3. Ein Typ, auch wieder eine richtige Kante, machte sich in einem Club auf der Tanzfläche ständig an meine Freundin heran. Ich habe mit Körperhaltung, Stimme und Verhalten im Allgemeinen, eine klare Grenze aufgezeigt, die dann auch respektiert wurde.
4. Das alles war noch zu Studi-Zeiten. Vor wenigen Jahren schon hier in Köln hatte ich meinen Roller vor einer Outdoor-Veranstaltung etwas versteckt stehen. Als ich zum Roller zurückkam, standen 3 Typen drumherum, und machten sich irgendwie am Roller zu schaffen. Es war nicht zu erkennen, was sie gemacht haben. Aber es waren niemand anders da, der mir hätte helfen können. Ich fühlte wieder so eine innere Klarheit und Sicherheit, ging einfach weiter auf sie zu, und sagte mit einer gewissen Autorität in der Stimme: "Was macht ihr denn da?" Lustigerweise wirkten sie eher erschreckt, es stellte sich heraus, dass sie den Roller als Tisch benutzt hatten, um eine Nase zu ziehen. (Und nicht etwa den Roller klauen wollten, wonach es zuerst aussah) Ich sag zu ihnen (muss etwas belustigt geklungen haben): das ist doch echt das Letzte, was ist, wenn mich die Polizei anhält und die haben einen Hund dabei und ich krieg Stress, weil der ganze Roller nach Drogen riecht? Da haben sie sich kleinlaut entschuldigt und versucht, den Sitz sauberzuwischen.
Warum hole ich da so weit aus? Die Geschichten haben alle ein gemeinsames Element, und das ist, dass ich selbst weder wütend noch aggressiv war, sondern eine Autorität und Sicherheit ausgestrahlt habe, die ich in dem Moment auch gefühlt habe, und das hat mich in die Lage versetzt, die Situation zu kontrollieren. Und das ist - wenn man bedenkt, dass ich körperlich und zahlenmäßig immer unterlegen war - in meinen Augen nur möglich, weil das die Art ist, wie ich die Schützer erlebe. Also nicht nur als Spiegel einer bestimmten Form von Transformation, sondern als lebendige Aktivierung meiner Schutzkräfte mitsamt Fähigkeiten, die ich mir niemals explizit angeeignet habe.

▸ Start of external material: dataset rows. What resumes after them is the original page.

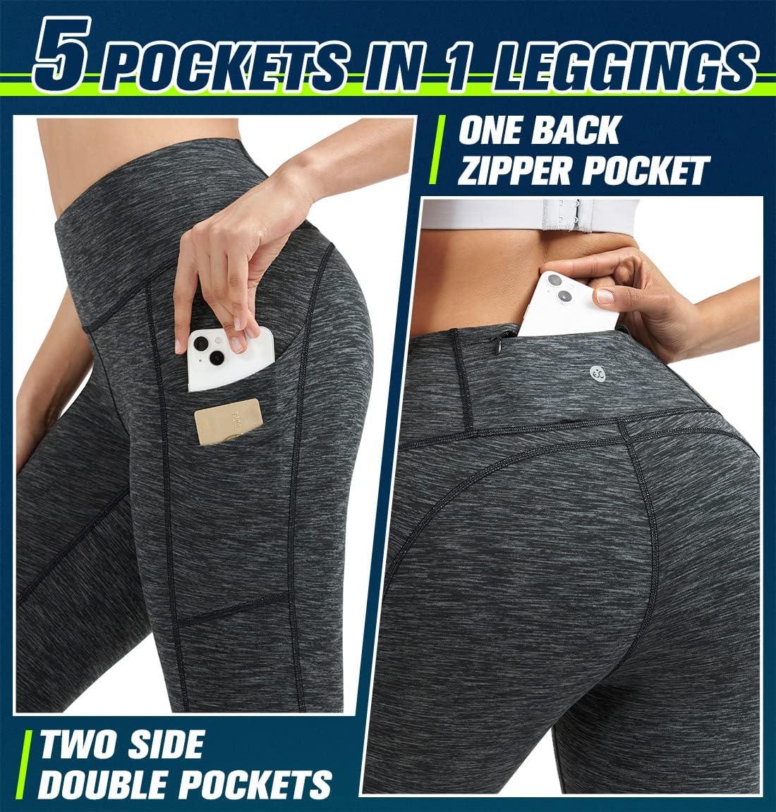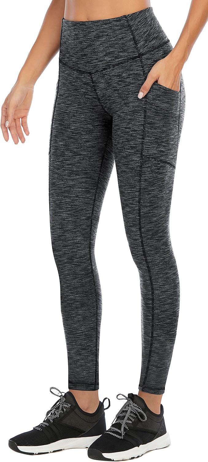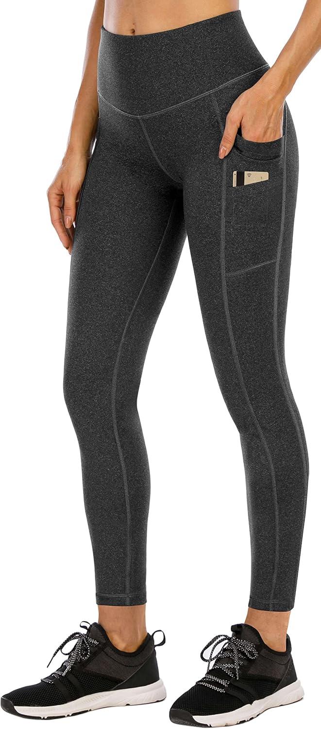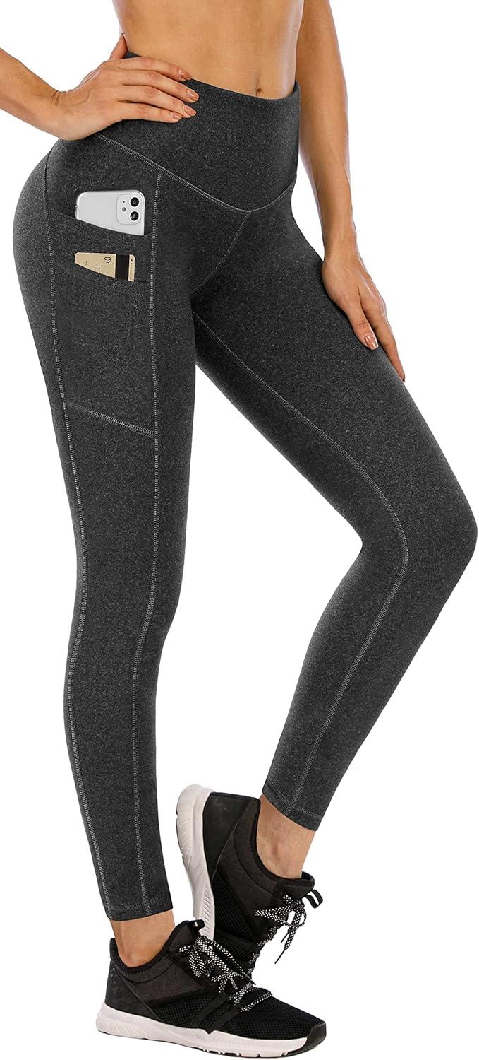Ewedoos Leggings with 5 Pockets for Women Yoga Pants 25″/ 27″ Workout Leggings for Women Tummy Control Running(Charcoal)
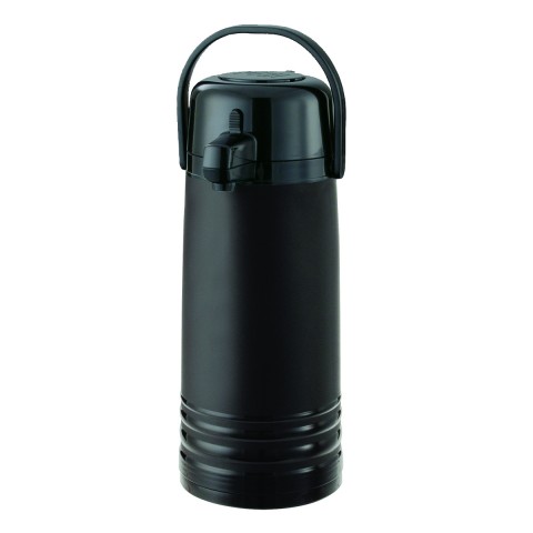 Eco-Air® Airpot, 2.4 liter (81.1 oz.), 6" x 8" x 16", retention: 4-6 hours, ribbed body, stainless steel liner, pump style, black lid, vacuum insulated, hand wash (do not submerge), plastic, black, matte finish, NSF (Priced per each, packed 6 each per case)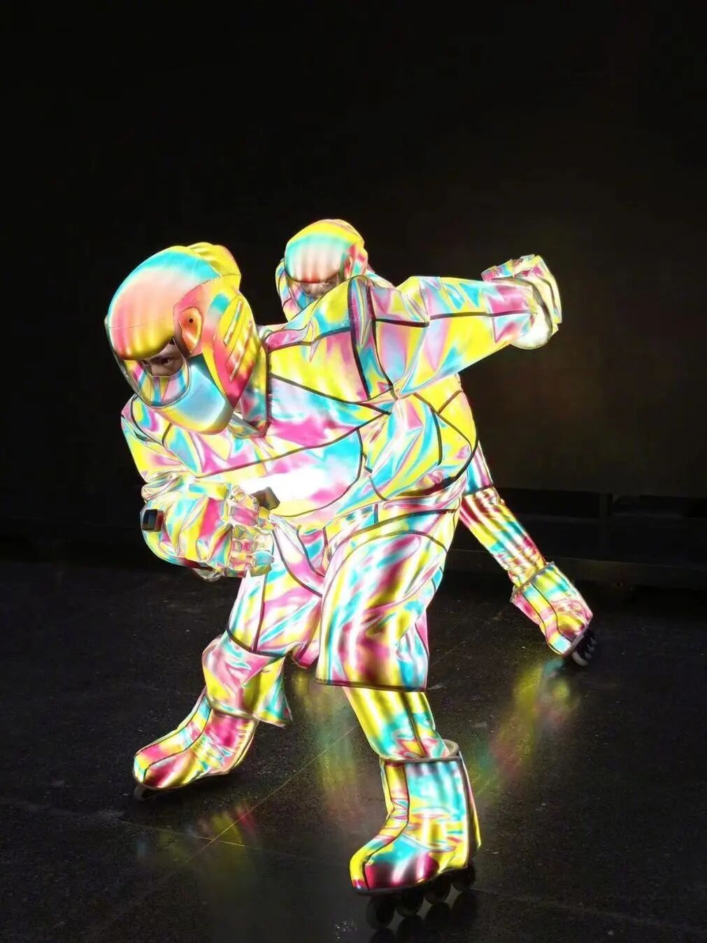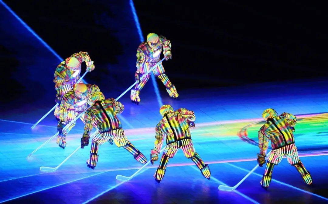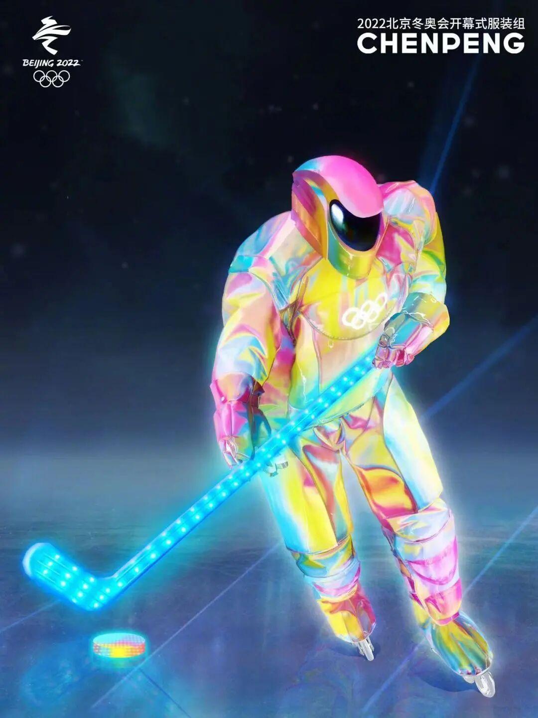 经冬奥制服装备设计主创,民族服饰博物馆馆长、北京服装学院教授贺阳老师介绍,2022年北京冬奥会制服设计视觉来源于中国传统山水画与冬奥会核心图形中的“赛区山形”,体现了冬奥会赛时的自然景观与中国山水画的美学特征。工作人员制服,颜色选用沉稳的墨色和跃动的霞光红,展现的是工作人员的实干和热情精神。技术官员制服主色调则选择灰色,源自于北京冬奥色彩系统中的“长城灰“,彰显的是技术官员的客观公正”。志愿者制服,服装中的“天霁蓝” 来源中国传统陶瓷珍品霁蓝釉的颜色,蓝色是冰雪运动的色彩,活泼生动,十分适合具有青春活力的志愿者。除了礼仪服饰和比赛队服,冬奥开幕式上还有三位中国新生代独立设计师们的作品!不得不说高科技纺织和时尚设计助力中国冬奥开幕式惊艳世界,这套发光的冰球服实在是太酷炫了!服装既有辨识度又有中国特色,这套散发流光溢彩之美的服装正是出自中国独立设计师——CHENPENG陈鹏之手!在本届北京冬奥会开幕式中陈鹏负责了超过50%的表演服装设计工作,他设计的服装在保留剪纸、中国结、山水画、冰灯这些传统元素的同时,更加凸显年轻化与时尚度。以《千里江山图》为灵感的举旗员运动套装、炫彩的发光冰球服、可爱的和平鸽童装、倒计时环节简洁干净的绿色工装连体服、洋溢着热情的速滑服设计都出自陈鹏之手。以时尚之名,中国设计师向世界展示当下中国的文化自信!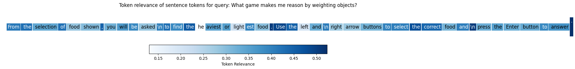from typing import Anyimport torch@torch.inference_mode()def embed_colbert( model: Any, text: str, is_query: bool) ->tuple[list[str], torch.Tensor, torch.Tensor]: prompt_name ="query"if is_query else"passage" task ="retrieval" encode_kwargs = model._validate_encoding_params( truncate_dim=None, prompt_name=prompt_name ) tokenized_outputs = model.processor( text=f"{encode_kwargs['prefix']}: {text}", return_tensors="pt", return_offsets_mapping=True, ) text_toks = [ model.processor.decode(token_id, skip_special_tokens=False)for token_id in tokenized_outputs["input_ids"].squeeze().tolist() ]# Encode using the model embeds = model.encode_text( text, return_multivector=True, return_numpy=True, prompt_name=prompt_name, task=task, )return text_toks, tokenized_outputs["offset_mapping"].squeeze(), embedsdoc_toks_col, doc_offsets_col, doc_embeds_col = embed_colbert( colbert_model, text, is_query=False)# Remove the prefix tokensdoc_toks_col = doc_toks_col[3:]doc_offsets_col = doc_offsets_col[3:]doc_embeds_col = doc_embeds_col[3:]print(f"Number of tokens: {len(doc_offsets_col)}")print(f"Document embedding shape: {tuple(doc_embeds_col.shape)}")assert doc_embeds_col.shape[0] == doc_offsets_col.shape[0], ("Text and offsets should have the same number of tokens ", doc_embeds_col.shape, doc_offsets_col.shape,)query ="What game makes me rea by weighting objects?"query_toks_col, _, query_embeds_col = embed_colbert(colbert_model, query, is_query=True)print(f"Query text tokens: {query_toks_col}")relevances_col = torch.Tensor(query_embeds_col @ doc_embeds_col.T)print(f"Relevance matrix shape: {list(relevances_col.shape)}")

Die Situation wurde immer so weit wie möglich befriedet, ohne dass ich einen Millimeter zurückgewichen wäre. Diese "innere Kampfkunst" benötigt nicht mal den Einsatz des Körpers. Nicht einmal verbale Gewalt. Die Schützer heißen nicht ohne Grund "
Weisheitsschützer " - sie schützen nicht nur die Weisheit, sondern v.a. auch mit Weisheit und durch Weisheit.